I understand that OO church stays within the true logic, that "If there is no unity, there is no incarnation", but what about the verses that are in Bible and which I just mentioned.


Through the Incarnation, the pre-existing, Eternal Word of God, the Second Person of the Holy Trinity, became hypostatically united with the human flesh, blood, body, and soul of Jesus Christ.  His humanity is not pre-existing to His Incarnation, rather like our own births, Jesus Christ the Word united and took the form of a human body at His Incarnation in the womb of the Virgin.  In the womb, the Divine Word of God united with the human body and soul created for Him as Jesus Christ.  After the Union, the Divine Word perpetually exists through the Hypostasis of the Divine-Man Jesus Christ.  His body and soul are perfectly human, perfectly mortal, perfectly weakened as being the same as our own human bodies, however united to this weakness is the fullness of the Godhead.  Lets get very scientific about it.

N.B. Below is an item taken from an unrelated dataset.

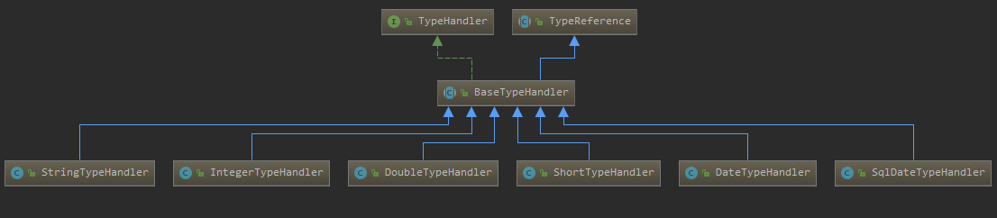 在 Mybatis 中,提供了 TypeHandler 接口的唯一实现,即 BaseTypeHandler ,主要是为了方便用户的自定义实现 TypeHandler 接口。

We human beings are not self-existing, we depend fully upon the Actions of God to create and sustain our very forms of existing.  The atoms and subatomic particles which make up the physicality of our existence do not self-exist, God perpetually manifests this existence. Without the Divine, there would be simply nothing in existence.  Jesus Christ, as to His Humanity, is not self-existing. His human body and soul, like our own, depends fully upon the Grace of God simply to subsist and exist.  Without the Divine, Jesus Christ's own humanity would stop existing.  However,  Jesus Christ is the Word of God, God Himself, and so through His Incarnation, the Word continues to be Divine, and as such sustains all of Creation.  While Jesus Christ's human nature is not self-existing, through the Union of the Incarnation, the Divine Word now exists through the human hypostasis.  Think of it like a battery and a circuit of wires.  The wires do not generate their own electricity, they must be connected in circuit with the power source of the battery.  Once connected, the wires are alive with the energy of the battery, and they exist temporarily as one as the power flows through the circuit.  If the battery connection is broken, the energy stops flowing and the wire is dead.  As to Jesus Christ, think of His human body and nature as the conduit, the wire, and His Divinity as to the Battery or energy source.  The Incarnation and Union is the connection of the human body wire to the Divine battery, so that the Divine sustains the human, like the battery gives energy to the otherwise lifeless wire.  It is precisely THROUGH THIS CONNECTION that the action happens.  It is the same with the Union. 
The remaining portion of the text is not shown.